A steering committee of administrators from both school systems went, in most cases, with the Memphis City Schools model over the extra cost of expanding what Shelby County Schools does across the much larger set of schools in Memphis when it comes to staffing and pupil-teacher ratios.
And those are the two areas of the most concern to parents over several public hearings in the last week.
“I think their real focus was trying to bridge the numbers gap. … You can’t just look at the numbers,” countywide school board member David Pickler said. “Our job is to get a budget that reflects the needs of the school system.”
He and school board members Mary Anne Gibson and Joe Clayton hosted the Sunday meeting with school board member Kevin Woods also in attendance.
“We have to speak with one voice,” Pickler told those at Houston High saying those who haven’t spoken up because they plan on shifting to a set of suburban school districts should be involved now in the countywide school district because the suburban school districts are “in the future.”
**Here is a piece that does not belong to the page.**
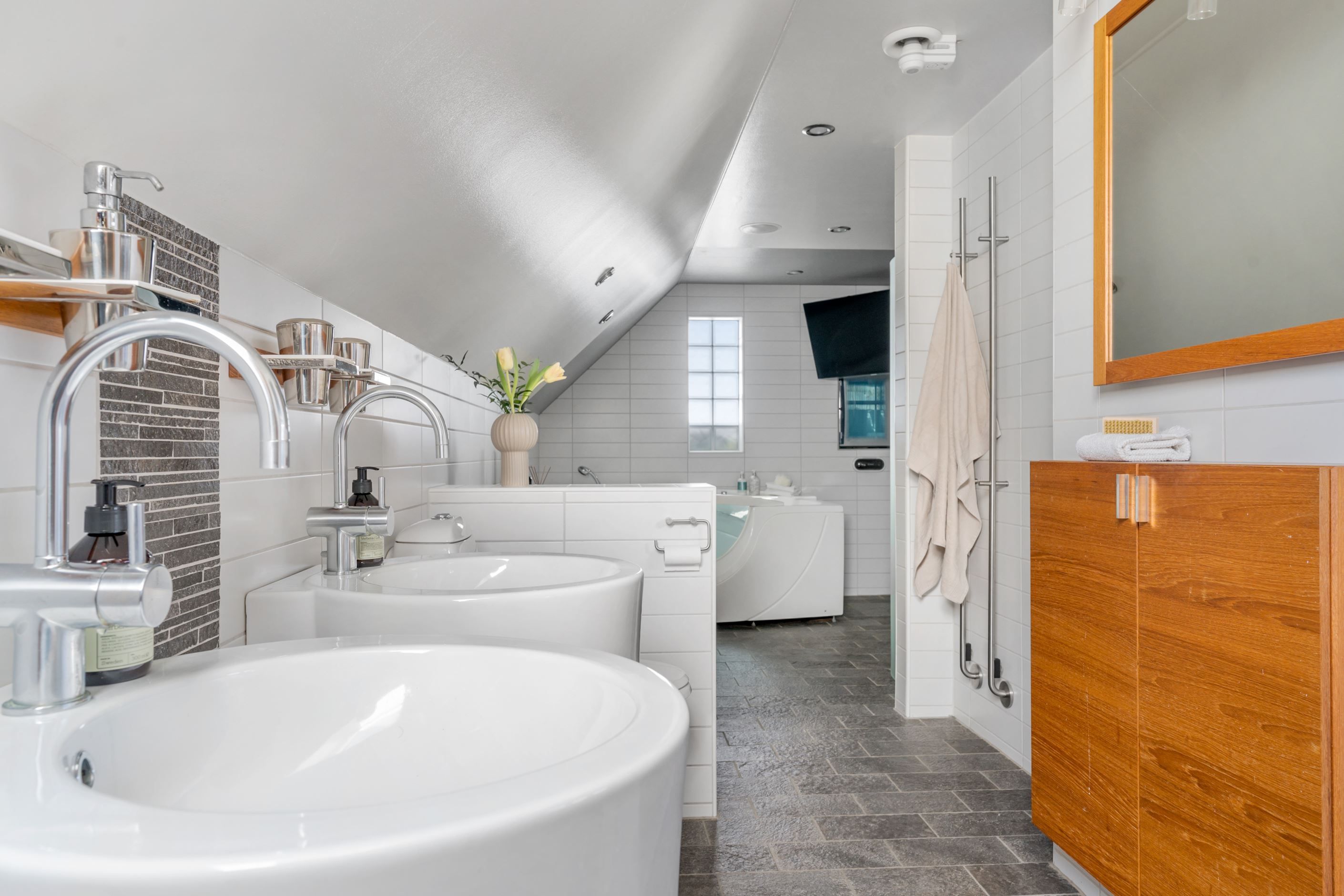 Planlösningen erbjuder dessutom flera bra sovrum, flexibla ytor som kan användas efter familjens behov samt ett tilltalande badrum på övre plan med relaxkänsla, bastu och bubbelbad, vilket ger bostaden en extra dimension. Även de praktiska kvaliteterna är många. Här finns ett rymligt garage med liten verkstadsdel, laddbox installerad för elbil samt en generös infart med plats för upp till fyra bilar, vilket gör vardagen smidig för den moderna familjen. Utöver detta finns vattenburen golvvärme i hela entréplanet, med undantag för gästrummet som har heltäckningsmatta. Sammantaget är detta ett hem som erbjuder både god funktion och hög trivselfaktor, i ett område där många gärna bor kvar länge.

“It can’t be accomplished if we stay in this room and we don’t go out and advocate at our school board and demand that they level up to Shelby County Schools,” Gibson said.
Houston High School band director Jim Smith urged the school board to “submit a budget of real needs.”
“No one’s going to fire you over saying this is what you need,” he added. “You don’t have to be ashamed of doing more with less. Our issue here is we can’t do more with nothing.”
That was as close as any one got to saying what suburban residents said repeatedly as the suburban towns and cities began organizing municipal school districts – raise my taxes if you have to. I will pay more.
Instead the crowd Sunday questioned the efficiency of the Memphis City Schools system.
They also continued to voice the fear that the merger has become about what they consider to be a leveling down to Memphis City Schools standards.
Pickler and Gibson argued against the notion that the merger is about parts of both school systems coexisting across boundaries that will no longer exist later this year with the merger.
Sunday’s discussion very tentatively gave voice to the idea that sentiment may be building on the school board to at least talk about seeking more than $80 million to $90 million extra in funding from the Shelby County Commission.
Shelby County Mayor Mark Luttrell has warned there is not support on the County Commission for a tax hike to fund even that much more.
Last week, county commissioners talked in general about the schools merger as they specifically discussed a single residency requirement for a countywide school system formed from two school systems that have different requirements and standards on that and other personnel policy matters.
“This is where the rubber hits the road on consolidation,” commissioner Heidi Shafer said as she suggested a phase-in period for such changes and the accompanying funding. “Consolidation does mean consolidation. I’m fine with a phased-in approach. It can be five years or so. But I think we all need to come under one umbrella at some time – not separate but equal.”
Commissioner Sidney Chism said the reality of the schools merger is already at hand.
“There’s only one system. I’m getting real tired of hearing about ‘my system,’” he said. “We’re there. … If we can’t work it out, then nobody’s afraid to go to war. It’s an easy thing to get into but it’s a big thing to get out of.”